Continuous B-epitope maps of cytochrome P450cam (CYP101) obtained by peptide scanning: correlation to spatial structure

Protein continuous B-epitopes can be revealed using short synthetic peptides that overlap a known protein sequence. Since the whole protein surface is considered to possess antigenic properties, a question that arises is whether a set of linear B-epitopes determined by peptide scanning correlates with a protein spatial structure. We have chosen cytochrome P450cam (CYP101) of Pseudomonas putida, with known 3D structure, as a template. Sera of two rabbits and antibody egg yolk preparations from three chickens were produced against the P450cam molecule.

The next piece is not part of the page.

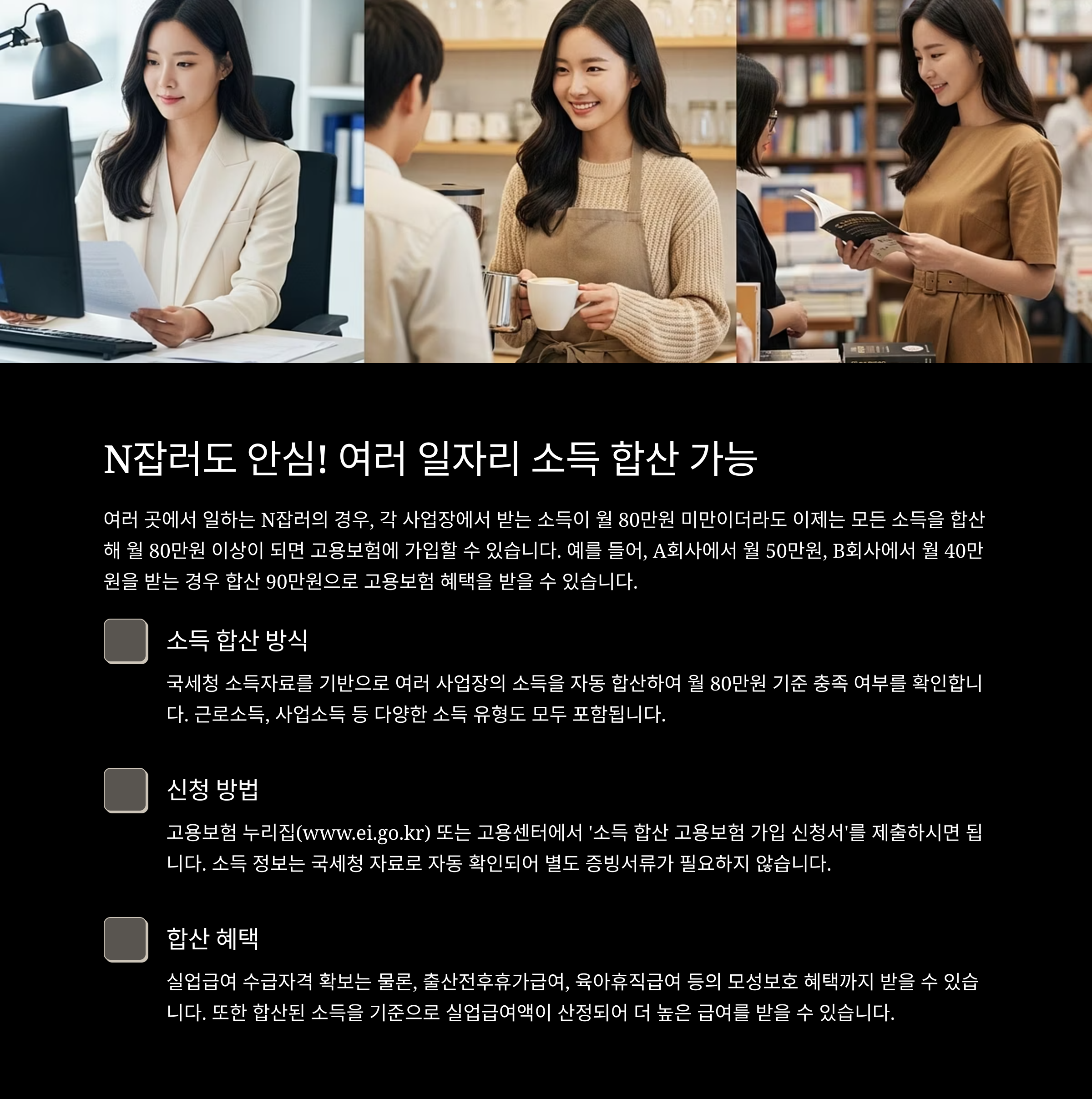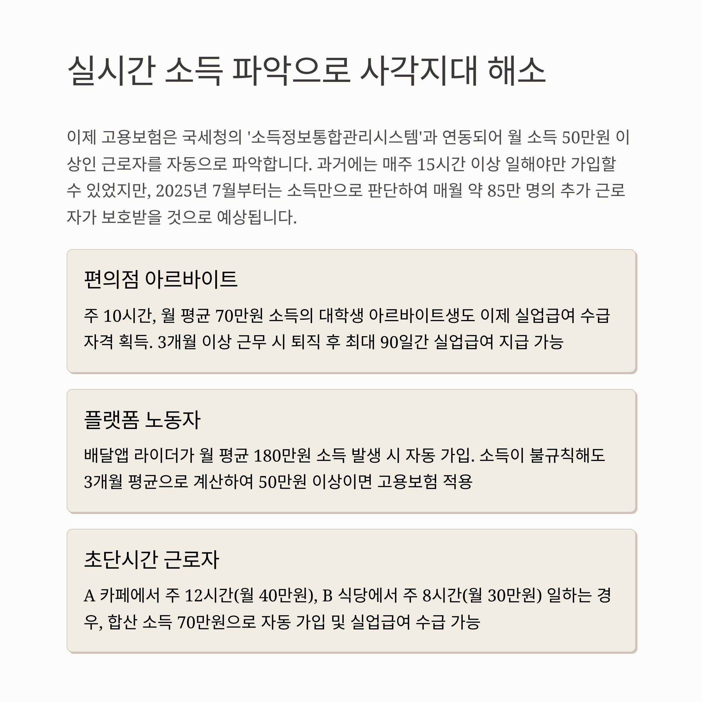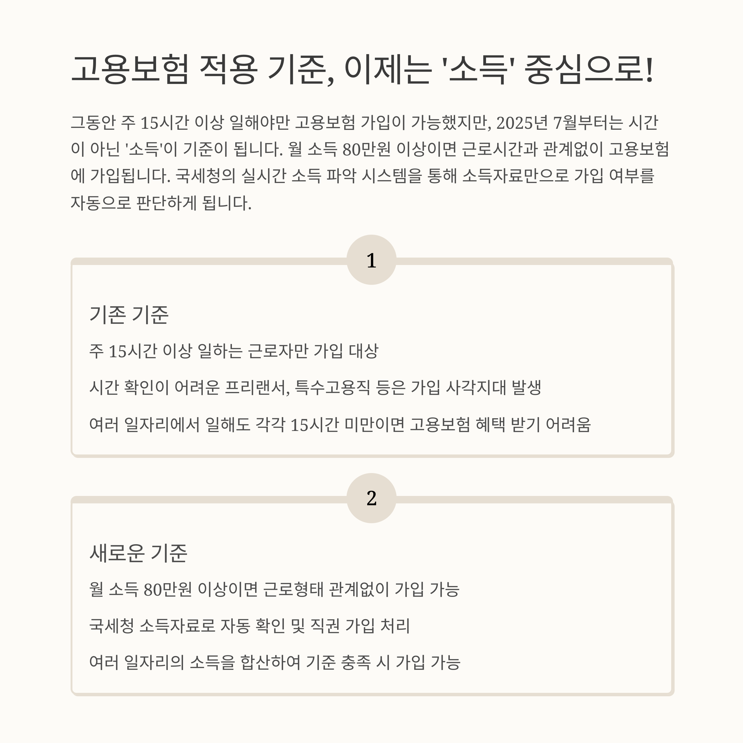 이제는 ‘근로시간’이 아니라 ‘소득’을 기준으로 고용보험 적용 여부가 결정돼요.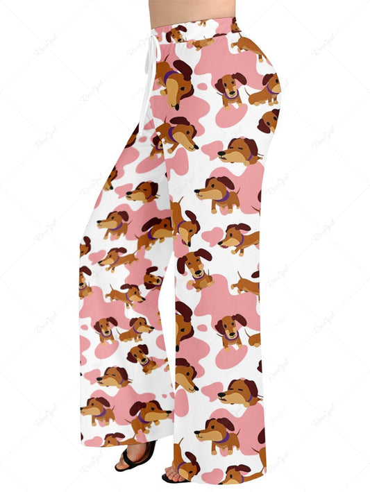 Plus Size Cute Dog Spotted Print Drawstring Wide Leg Pants

These polyclonals were analyzed separately in ELISA with 409 overlapping P450cam hexapeptides. The whole set of continuous antigenic sites of P450cam covered about 45% of the P450cam sequence. However, immunodominant sites (those revealed with more than 50% antibody preparations), the so-called "antigenic core," represent only 9% of the protein sequence. While the amount of water-accessible residues in the total antigenic map (42%) was close to that in the whole native P450cam molecule (39%), the amount of water-accessible residues in the antigenic core was significantly higher (64%). These results led to the conclusion that antigenic core epitopes can be associated to the molecular surface, whereas epitopes with low detection frequency may partly correspond to unfolded regions of the protein molecule.